## Prompt
Output exactly the lines of the listing below that run from the line with "3 أقفال أرقام." through the line with "Cáscara de pizza". No pictures.

----

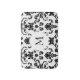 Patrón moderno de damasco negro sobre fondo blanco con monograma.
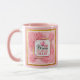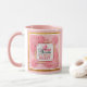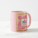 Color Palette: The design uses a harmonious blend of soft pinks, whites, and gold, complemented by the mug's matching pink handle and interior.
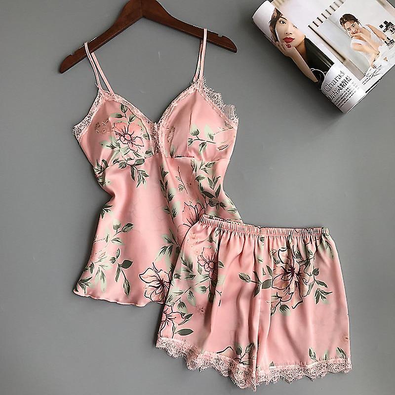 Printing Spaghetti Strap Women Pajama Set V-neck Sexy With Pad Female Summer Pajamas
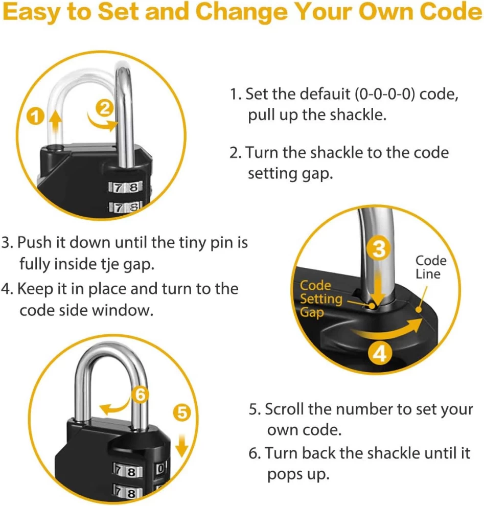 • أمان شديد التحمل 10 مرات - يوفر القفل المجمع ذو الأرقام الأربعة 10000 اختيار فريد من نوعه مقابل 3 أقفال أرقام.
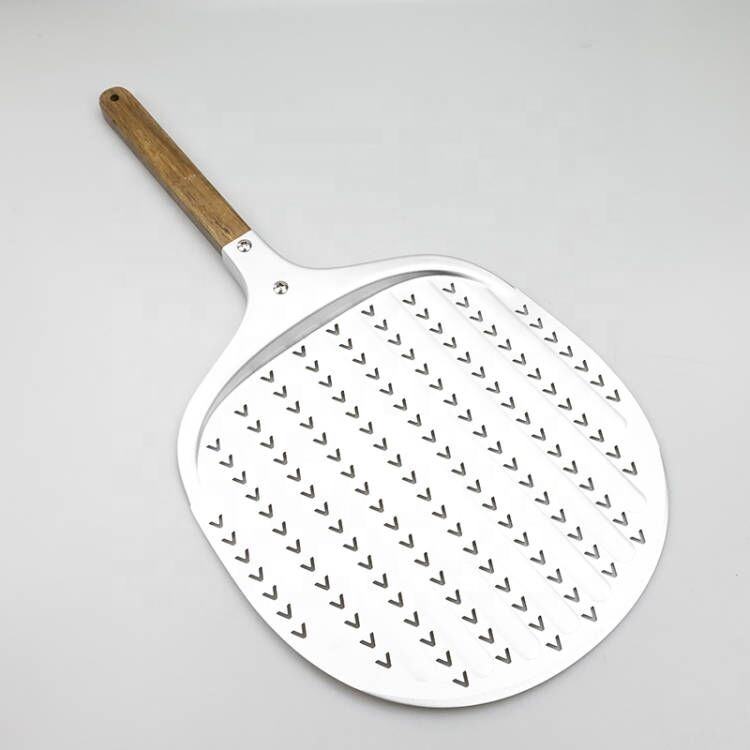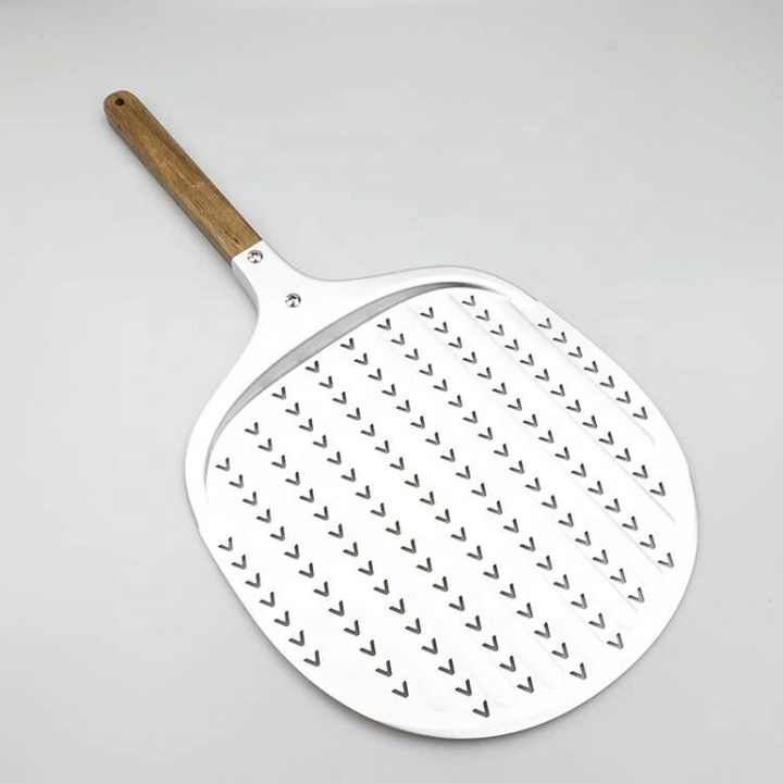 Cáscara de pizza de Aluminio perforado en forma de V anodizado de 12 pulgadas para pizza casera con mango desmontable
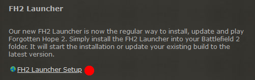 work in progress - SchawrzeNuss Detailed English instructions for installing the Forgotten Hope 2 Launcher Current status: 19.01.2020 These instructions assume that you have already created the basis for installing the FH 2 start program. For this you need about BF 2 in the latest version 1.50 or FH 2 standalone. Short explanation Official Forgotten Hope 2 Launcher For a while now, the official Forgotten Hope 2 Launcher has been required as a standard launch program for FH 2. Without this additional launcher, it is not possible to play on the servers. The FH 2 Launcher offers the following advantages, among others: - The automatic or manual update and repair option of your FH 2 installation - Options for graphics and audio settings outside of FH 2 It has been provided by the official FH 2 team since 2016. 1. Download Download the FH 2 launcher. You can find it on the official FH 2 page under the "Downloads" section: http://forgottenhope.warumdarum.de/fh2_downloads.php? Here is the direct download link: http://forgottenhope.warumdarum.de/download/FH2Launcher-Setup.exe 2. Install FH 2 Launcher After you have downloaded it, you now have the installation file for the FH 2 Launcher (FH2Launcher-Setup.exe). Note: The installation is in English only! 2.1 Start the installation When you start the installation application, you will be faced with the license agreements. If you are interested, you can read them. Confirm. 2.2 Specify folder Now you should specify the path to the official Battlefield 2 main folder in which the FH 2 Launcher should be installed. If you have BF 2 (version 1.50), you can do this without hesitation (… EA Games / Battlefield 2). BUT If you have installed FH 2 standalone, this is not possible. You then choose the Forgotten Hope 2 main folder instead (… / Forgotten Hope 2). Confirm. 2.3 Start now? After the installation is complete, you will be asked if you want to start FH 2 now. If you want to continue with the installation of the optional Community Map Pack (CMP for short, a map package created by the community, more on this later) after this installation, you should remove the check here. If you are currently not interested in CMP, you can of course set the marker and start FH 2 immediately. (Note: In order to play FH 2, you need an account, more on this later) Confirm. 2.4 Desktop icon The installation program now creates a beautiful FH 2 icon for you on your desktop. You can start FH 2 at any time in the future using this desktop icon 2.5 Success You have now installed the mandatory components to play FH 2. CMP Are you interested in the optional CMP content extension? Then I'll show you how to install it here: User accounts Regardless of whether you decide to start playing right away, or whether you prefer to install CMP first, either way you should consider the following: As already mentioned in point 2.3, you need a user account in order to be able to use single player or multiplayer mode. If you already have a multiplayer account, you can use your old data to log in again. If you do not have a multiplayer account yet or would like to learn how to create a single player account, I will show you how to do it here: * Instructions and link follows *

----

## Result for this exercise
 • أمان شديد التحمل 10 مرات - يوفر القفل المجمع ذو الأرقام الأربعة 10000 اختيار فريد من نوعه مقابل 3 أقفال أرقام.
 Cáscara de pizza de Aluminio perforado en forma de V anodizado de 12 pulgadas para pizza casera con mango desmontable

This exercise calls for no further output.